=== Section Start ===

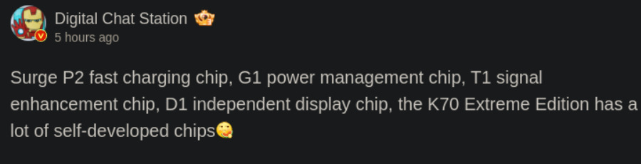 According to the leak, the K70 Ultra will reportedly pack four in-house chips alongside the MediaTek Dimensity 9300+ processor. This includes the Surge P2 for fast charging, the G1 for power management, the T1 for signal enhancement, and the D1 for independent display processing.
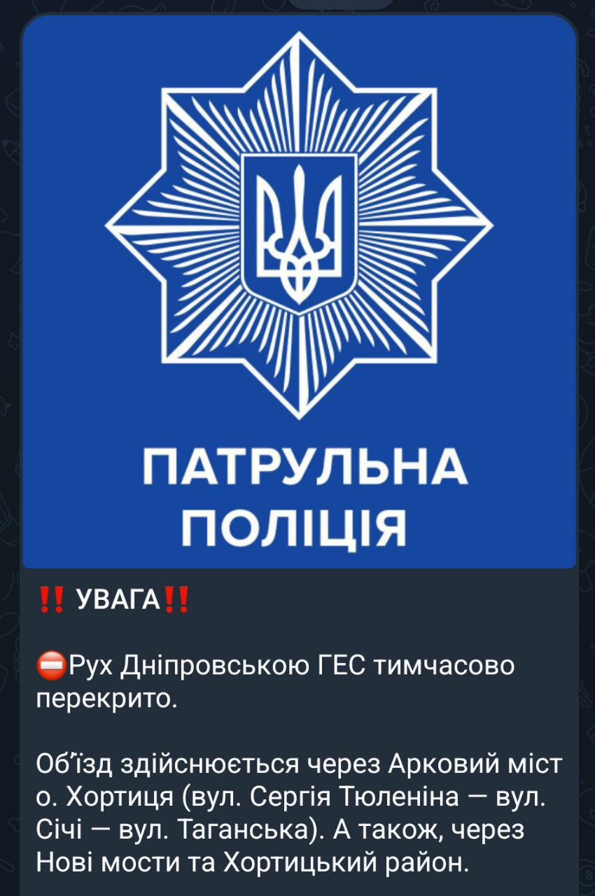 08:30 После ночной ракетной атаки по Украине перекрыли проезд через дамбу ДнепроГЭСа.
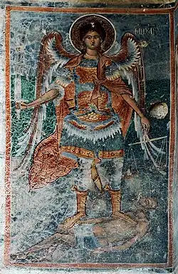 Le monastère est richement décoré de fresques byzantines. Des fresques extérieures, il ne subsiste que deux tableaux au-dessus de la porte d'entrée, l'une représentant l'archange Michel et l'autre la Vierge à l'Enfant.
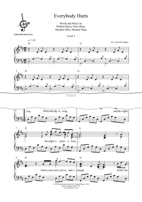 Everybody Hurts - Noten für Klavier R.E.M.
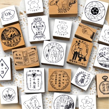 大正・昭和レトロスタンプやオリジナル日付印、デザイナーコラボスタンプ、アーティストとのコラボスタンプ、オシャレなお仕事スタンプなど、多数の商品を製造部がハンドメイドで一点ずつ丁寧にお作りしております。
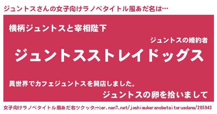 | 男性向けラノベタイトル風あだ名 | 『Re:ジュントスから始める異世界生活』 |
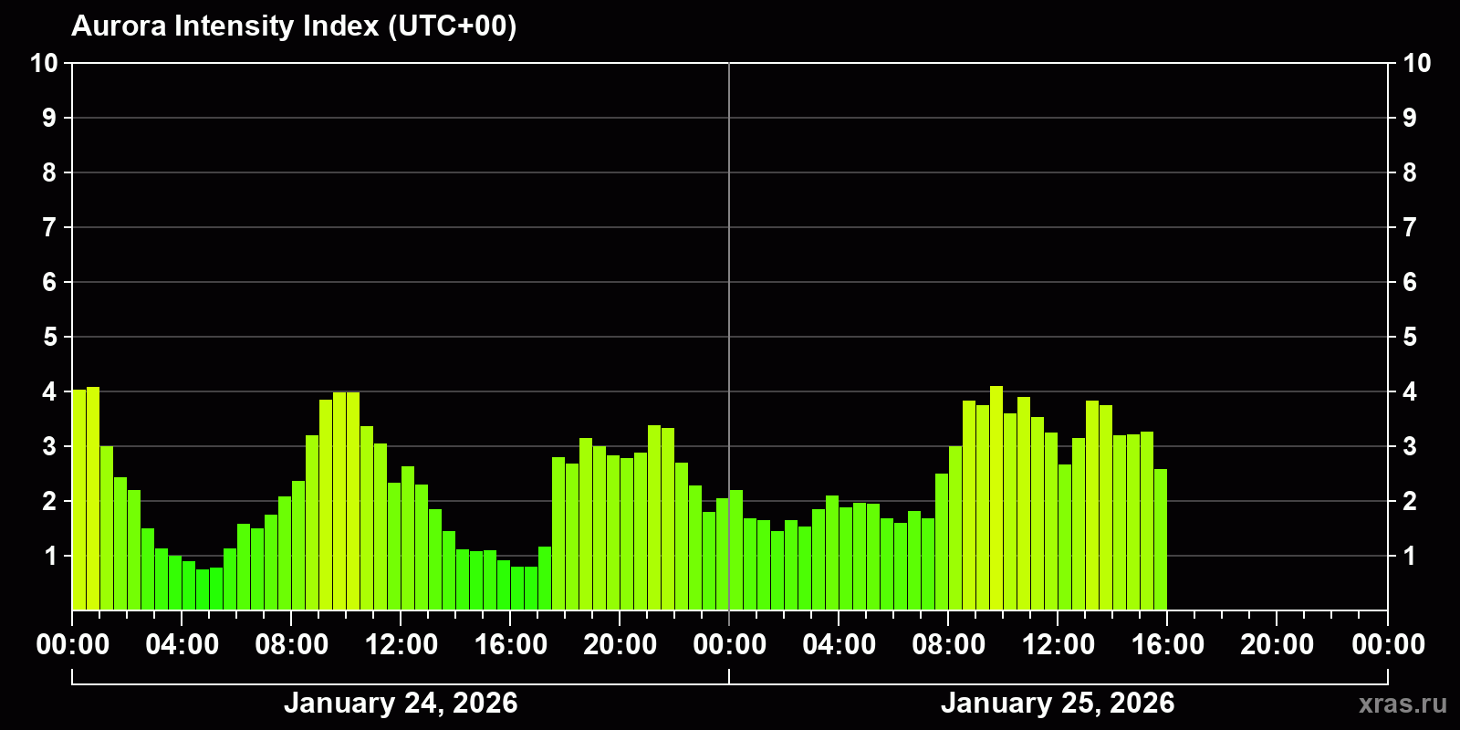 Changes in the auroral intensity index from 2026-01-24 to 2026-01-25 local time

=== Section End ===

*What you need to do*. Each line from the start of the entries to the line holding "大正・昭和レトロスタンプやオ" is to be given again exactly, both ends included, and each picture is to be left out.

*Task answer*.
 According to the leak, the K70 Ultra will reportedly pack four in-house chips alongside the MediaTek Dimensity 9300+ processor. This includes the Surge P2 for fast charging, the G1 for power management, the T1 for signal enhancement, and the D1 for independent display processing.
 08:30 После ночной ракетной атаки по Украине перекрыли проезд через дамбу ДнепроГЭСа.
 Le monastère est richement décoré de fresques byzantines. Des fresques extérieures, il ne subsiste que deux tableaux au-dessus de la porte d'entrée, l'une représentant l'archange Michel et l'autre la Vierge à l'Enfant.
 Everybody Hurts - Noten für Klavier R.E.M.
 大正・昭和レトロスタンプやオリジナル日付印、デザイナーコラボスタンプ、アーティストとのコラボスタンプ、オシャレなお仕事スタンプなど、多数の商品を製造部がハンドメイドで一点ずつ丁寧にお作りしております。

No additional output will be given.